From the data below, please reproduce exactly everything from the line that contains "An original sticker" down to the line that contains "Bolhas transparentes flutuando", with both ends included.

━━━ RECORDS

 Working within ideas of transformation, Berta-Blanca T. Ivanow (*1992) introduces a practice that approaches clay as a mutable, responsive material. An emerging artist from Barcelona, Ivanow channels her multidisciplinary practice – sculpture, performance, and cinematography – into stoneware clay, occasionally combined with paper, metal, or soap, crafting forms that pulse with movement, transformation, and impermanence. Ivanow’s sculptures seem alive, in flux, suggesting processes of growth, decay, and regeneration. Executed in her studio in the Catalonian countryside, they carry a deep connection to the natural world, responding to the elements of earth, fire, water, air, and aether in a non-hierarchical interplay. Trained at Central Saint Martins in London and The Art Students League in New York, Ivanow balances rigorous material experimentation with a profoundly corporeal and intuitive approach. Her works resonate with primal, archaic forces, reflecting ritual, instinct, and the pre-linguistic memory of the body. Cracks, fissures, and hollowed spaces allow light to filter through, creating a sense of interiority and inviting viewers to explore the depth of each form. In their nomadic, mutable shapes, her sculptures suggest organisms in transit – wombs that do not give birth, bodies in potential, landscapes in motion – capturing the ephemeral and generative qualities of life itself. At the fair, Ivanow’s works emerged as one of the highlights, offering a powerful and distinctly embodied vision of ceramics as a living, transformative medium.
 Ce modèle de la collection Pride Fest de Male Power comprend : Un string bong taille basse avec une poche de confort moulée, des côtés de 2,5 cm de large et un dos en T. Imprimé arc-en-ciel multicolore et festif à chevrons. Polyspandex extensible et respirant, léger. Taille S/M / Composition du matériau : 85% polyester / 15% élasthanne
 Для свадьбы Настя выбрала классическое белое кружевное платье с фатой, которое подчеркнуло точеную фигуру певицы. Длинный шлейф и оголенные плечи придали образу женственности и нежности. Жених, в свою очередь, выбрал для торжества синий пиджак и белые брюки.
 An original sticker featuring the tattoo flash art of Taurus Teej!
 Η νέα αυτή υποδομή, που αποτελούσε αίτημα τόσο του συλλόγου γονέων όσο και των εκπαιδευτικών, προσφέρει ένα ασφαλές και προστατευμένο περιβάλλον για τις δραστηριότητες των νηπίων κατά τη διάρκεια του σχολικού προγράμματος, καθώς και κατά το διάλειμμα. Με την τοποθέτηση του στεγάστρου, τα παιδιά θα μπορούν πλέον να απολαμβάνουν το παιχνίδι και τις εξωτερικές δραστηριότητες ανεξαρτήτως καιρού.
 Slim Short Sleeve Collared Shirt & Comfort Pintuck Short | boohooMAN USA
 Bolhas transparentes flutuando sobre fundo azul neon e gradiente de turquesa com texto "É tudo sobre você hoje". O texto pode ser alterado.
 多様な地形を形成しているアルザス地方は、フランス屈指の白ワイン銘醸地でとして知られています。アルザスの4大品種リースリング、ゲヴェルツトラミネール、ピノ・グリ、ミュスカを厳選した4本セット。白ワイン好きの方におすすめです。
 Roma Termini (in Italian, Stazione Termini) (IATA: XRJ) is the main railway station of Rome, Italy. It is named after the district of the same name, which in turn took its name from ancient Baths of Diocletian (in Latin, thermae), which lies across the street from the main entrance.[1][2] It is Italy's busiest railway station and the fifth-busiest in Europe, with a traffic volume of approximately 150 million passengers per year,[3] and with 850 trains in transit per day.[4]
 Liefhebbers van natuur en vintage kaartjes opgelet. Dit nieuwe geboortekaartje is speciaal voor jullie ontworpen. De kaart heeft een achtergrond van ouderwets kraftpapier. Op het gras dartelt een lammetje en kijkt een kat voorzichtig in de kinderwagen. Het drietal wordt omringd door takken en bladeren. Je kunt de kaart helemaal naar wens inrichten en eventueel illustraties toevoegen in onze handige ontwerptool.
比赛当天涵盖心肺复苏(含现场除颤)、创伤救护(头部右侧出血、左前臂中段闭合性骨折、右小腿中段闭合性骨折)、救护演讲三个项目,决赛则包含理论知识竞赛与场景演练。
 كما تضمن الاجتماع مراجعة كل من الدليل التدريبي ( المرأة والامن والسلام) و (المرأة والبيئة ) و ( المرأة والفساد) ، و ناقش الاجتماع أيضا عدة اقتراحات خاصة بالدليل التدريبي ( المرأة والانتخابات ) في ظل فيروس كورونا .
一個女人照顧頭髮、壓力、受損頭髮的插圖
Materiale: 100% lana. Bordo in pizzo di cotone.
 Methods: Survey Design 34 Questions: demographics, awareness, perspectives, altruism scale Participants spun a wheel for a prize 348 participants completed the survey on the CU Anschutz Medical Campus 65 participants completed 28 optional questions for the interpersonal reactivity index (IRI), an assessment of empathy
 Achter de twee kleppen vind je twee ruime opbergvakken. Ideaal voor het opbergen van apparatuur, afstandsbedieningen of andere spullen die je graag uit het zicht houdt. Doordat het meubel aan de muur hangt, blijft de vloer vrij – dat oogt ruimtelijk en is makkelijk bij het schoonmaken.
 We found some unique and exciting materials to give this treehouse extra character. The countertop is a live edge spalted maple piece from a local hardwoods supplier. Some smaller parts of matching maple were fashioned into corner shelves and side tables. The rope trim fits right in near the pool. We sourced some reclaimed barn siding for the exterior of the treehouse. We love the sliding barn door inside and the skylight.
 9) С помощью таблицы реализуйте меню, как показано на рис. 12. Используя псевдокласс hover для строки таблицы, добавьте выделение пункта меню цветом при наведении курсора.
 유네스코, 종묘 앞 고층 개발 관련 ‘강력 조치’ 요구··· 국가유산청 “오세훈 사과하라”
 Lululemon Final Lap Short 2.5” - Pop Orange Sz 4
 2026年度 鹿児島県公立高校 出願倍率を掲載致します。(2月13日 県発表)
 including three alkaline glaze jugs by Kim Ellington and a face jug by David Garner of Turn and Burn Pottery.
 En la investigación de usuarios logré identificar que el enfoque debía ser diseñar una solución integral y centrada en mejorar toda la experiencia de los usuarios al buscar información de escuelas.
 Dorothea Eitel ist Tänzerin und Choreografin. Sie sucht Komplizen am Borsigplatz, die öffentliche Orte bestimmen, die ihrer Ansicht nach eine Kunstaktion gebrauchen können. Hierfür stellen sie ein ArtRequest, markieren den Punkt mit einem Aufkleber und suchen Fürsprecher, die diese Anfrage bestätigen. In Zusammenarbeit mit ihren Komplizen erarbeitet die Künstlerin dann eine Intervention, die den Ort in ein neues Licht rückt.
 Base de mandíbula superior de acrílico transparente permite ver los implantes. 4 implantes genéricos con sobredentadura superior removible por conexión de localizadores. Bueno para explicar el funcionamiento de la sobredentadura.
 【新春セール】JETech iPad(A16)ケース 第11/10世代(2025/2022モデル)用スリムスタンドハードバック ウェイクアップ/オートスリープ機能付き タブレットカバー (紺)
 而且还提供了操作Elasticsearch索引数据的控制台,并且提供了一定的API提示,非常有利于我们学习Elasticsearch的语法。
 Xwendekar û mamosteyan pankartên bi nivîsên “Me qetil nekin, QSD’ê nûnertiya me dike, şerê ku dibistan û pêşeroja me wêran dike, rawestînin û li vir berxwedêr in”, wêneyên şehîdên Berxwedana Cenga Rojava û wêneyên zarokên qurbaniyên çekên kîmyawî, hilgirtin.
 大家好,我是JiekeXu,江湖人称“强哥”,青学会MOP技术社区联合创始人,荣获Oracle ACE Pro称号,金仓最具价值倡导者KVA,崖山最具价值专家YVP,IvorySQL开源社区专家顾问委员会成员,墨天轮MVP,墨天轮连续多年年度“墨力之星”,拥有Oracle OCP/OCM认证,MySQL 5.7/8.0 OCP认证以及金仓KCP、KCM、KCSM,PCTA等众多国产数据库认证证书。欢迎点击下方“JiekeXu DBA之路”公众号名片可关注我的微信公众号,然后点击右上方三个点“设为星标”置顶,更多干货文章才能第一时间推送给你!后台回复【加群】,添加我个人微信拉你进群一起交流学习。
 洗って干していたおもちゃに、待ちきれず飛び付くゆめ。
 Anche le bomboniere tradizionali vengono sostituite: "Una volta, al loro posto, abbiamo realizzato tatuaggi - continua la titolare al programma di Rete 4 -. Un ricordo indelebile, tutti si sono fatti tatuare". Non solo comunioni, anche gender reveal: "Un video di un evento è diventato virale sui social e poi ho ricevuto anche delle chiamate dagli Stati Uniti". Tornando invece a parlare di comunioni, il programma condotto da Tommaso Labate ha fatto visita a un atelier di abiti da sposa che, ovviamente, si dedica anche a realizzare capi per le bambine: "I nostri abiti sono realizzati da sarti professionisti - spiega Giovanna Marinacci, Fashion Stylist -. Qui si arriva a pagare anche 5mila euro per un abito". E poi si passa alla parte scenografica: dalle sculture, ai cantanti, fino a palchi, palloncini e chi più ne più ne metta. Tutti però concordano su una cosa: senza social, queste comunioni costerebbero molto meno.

━━━━━━

*REPLY:*
 An original sticker featuring the tattoo flash art of Taurus Teej!
 Η νέα αυτή υποδομή, που αποτελούσε αίτημα τόσο του συλλόγου γονέων όσο και των εκπαιδευτικών, προσφέρει ένα ασφαλές και προστατευμένο περιβάλλον για τις δραστηριότητες των νηπίων κατά τη διάρκεια του σχολικού προγράμματος, καθώς και κατά το διάλειμμα. Με την τοποθέτηση του στεγάστρου, τα παιδιά θα μπορούν πλέον να απολαμβάνουν το παιχνίδι και τις εξωτερικές δραστηριότητες ανεξαρτήτως καιρού.
 Slim Short Sleeve Collared Shirt & Comfort Pintuck Short | boohooMAN USA
 Bolhas transparentes flutuando sobre fundo azul neon e gradiente de turquesa com texto "É tudo sobre você hoje". O texto pode ser alterado.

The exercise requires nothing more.